Table of Content

MetaFS Query & Aggregation Pipeline: Core & GUI
MetaFS::Cloud on GPU via Docker
MetaFS::Cloud & Semantics Extended
Semantics Extended
Partial Rewrite of the Core
MetaFS Paper Published (Preview)
IndexDB & Semantic Handlers
Updating Web-Site
Working on Stable
MetaFS::IndexDB
File Browser & Image Query Screencast
General Query
Image Query
Changelog 0.4.9
MongoDB vs Others
Fully Indexed DB Tests
Image (Color) Theme
MetaFS Archive (marc)
Changelog 0.4.7

Blog

Describing significant features and improvements of MetaFS:

MetaFS Query & Aggregation Pipeline: Core & GUI

posted 2016/11/26 by rkm

MongoDB Query and MongoDB Aggregation Pipeline compatible functionality has been implemented

Query.pm & Aggregation.pm: for core and handlers, regardless whether MongoDB as backend is used, giving PostgreSQL or IndexDB extended Query & Aggregation functionality
Query.js & Aggregation.js: for GUI, sub-querying and sub-aggregation for quick visualization

see detailed documentation for the state of support.

MetaFS::Cloud on GPU via Docker

posted 2016/09/09 by rkm

The semantic backend handlers of caption (NeuralTalk2) and densecap (DenseCap) are based complex setups (comprehensive dependencies), also imagetags (Darknet with ImageNet/Darknet model) running on NVIDIA's GPU CUDA platform brings a speed up of 10-90x compared to CPU-only version, using nvidia-docker:

caption: 200-300ms per evaluation (CPU 1.5-2 secs, 10x)
densecap: 500-600ms per evaluation (CPU 16-24 secs, 30x)
imagetags: 3-4ms per evaluation (CPU 0.2-0.3 secs, 90x)
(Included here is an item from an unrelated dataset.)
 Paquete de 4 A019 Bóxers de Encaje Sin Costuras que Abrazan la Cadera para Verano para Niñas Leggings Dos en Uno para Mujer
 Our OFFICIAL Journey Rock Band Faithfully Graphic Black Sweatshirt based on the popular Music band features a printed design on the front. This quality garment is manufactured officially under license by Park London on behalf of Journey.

using NVIDIA GTX 1070 with 8GB DDR5, all three services implemented as REST, loading the model once, evaluation of images on request via REST API.
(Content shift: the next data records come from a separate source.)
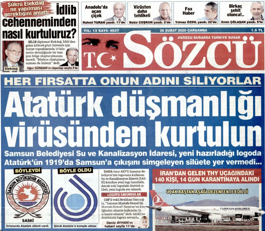 Samsun Büyükşehir Belediyesi’ne bağlı Samsun Su ve Kanalizasyon İdaresi Genel Müdürlüğü’nün yenilenen logosunda Atatürk silueti yer almadığı için ortalığı ayağa kaldırmaya çalışan Sözcü, konu M.Kemal üzerinden prim yapmak olunca, gündemdeki en önemli gelişmeleri bile es geçiyor.
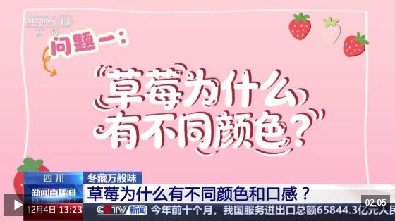 在四川成都,4万亩冬草莓已进入丰收季。今年上市的除了常见的红草莓之外,还有白草莓、粉草莓等品种。
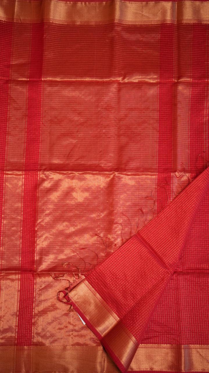 Maheshwari Silk Cotton Kattam Saree - 05-01-01-15 (Red)
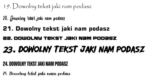 - Jeśli wybierzesz czcionkę nr. 16,17 czy 18 - wielkość liter będzie zgodna z wiadomością przy zamówieniu
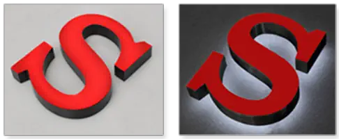 I denne mulighed lyser fronten af bogstavet, hvilket betyder, at lyset trænger igennem fronten lavet af plexiglas, hvilket fremhæver farven og formen af tegnet. Det er en klassisk løsning anvendt i lysreklamer, der sikrer høj synlighed og intens belysning.
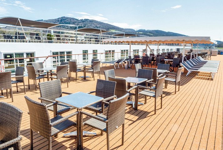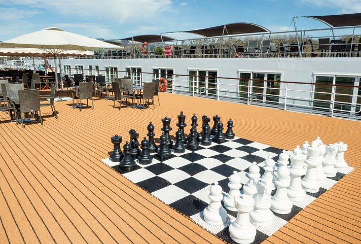 MS Prinzessin Katharina (gehobene Mittelklasse): Flussschiff mit klassischer Eleganz mit Panoramarestaurant, Lounge, Bar, Foyer, Bücherecke, kleiner Shop, Massagesalon, Sonnendeck mit Liegestühlen. 71 Kabinen mit Dusche/WC, Fön, Klimaanlage, TV, Telefon, Kühlschrank, ca. 11 qm.
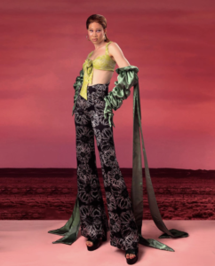 These pieces go together perfectly but feel free to deconstruct and style each separately. Expect silky and flowy fabric that feels great on the skin; the pants have this beautiful detailing that will go perfectly with crop tees, while the Moreni Puff gloves are the perfect addition of drama to any simple outfit.
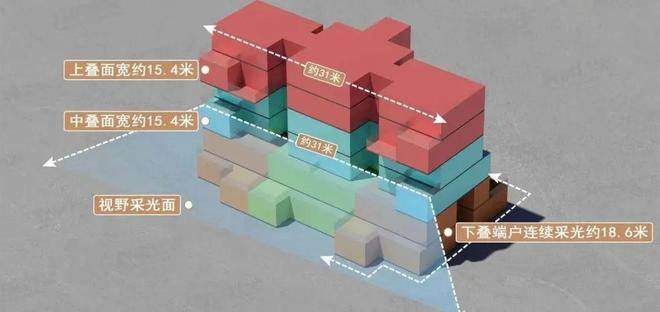中叠户型的亮点:15.4米的超级面宽,极大提升了中叠上叠的舒适度;2.中叠拥有7个花园空间,在入户、客厅、厨房、主卧等主要空间都有花园作为连接;空中庭院。

MetaFS::Cloud & Semantics Extended

posted 2016/05/01 by rkm

◹

MetaFS::Cloud in enterprise application

In order to support complex and large deployments of MetaFS some computational intensive and complex services can be distributed via MetaFS::Cloud.

And with such also more heavy weight semantic analysis has been integrated preliminary:

faces: recognize faces (and train new faces) in images
imagetags: image tagging, recognize various elements of the image
caption: image caption, general impression of the overall image
densecap: detailed or deep image caption

as well existing semantic analysis of

sentiments
topics
entities
music

can now be distributed within a private cloud infrastructure.

Semantics Extended

posted 2016/04/05 by rkm

New semantics handlers:

◹

WebGUI close-up: topics & entities

entities: recognizes individuals, organizations and companies (~20,000 entities) based on DBpedia.org and Wikidata.org and hand-picked sources.
music: concludes rhythm (bpm), tonality, genres, vocal/instrumental, moods using Essentia.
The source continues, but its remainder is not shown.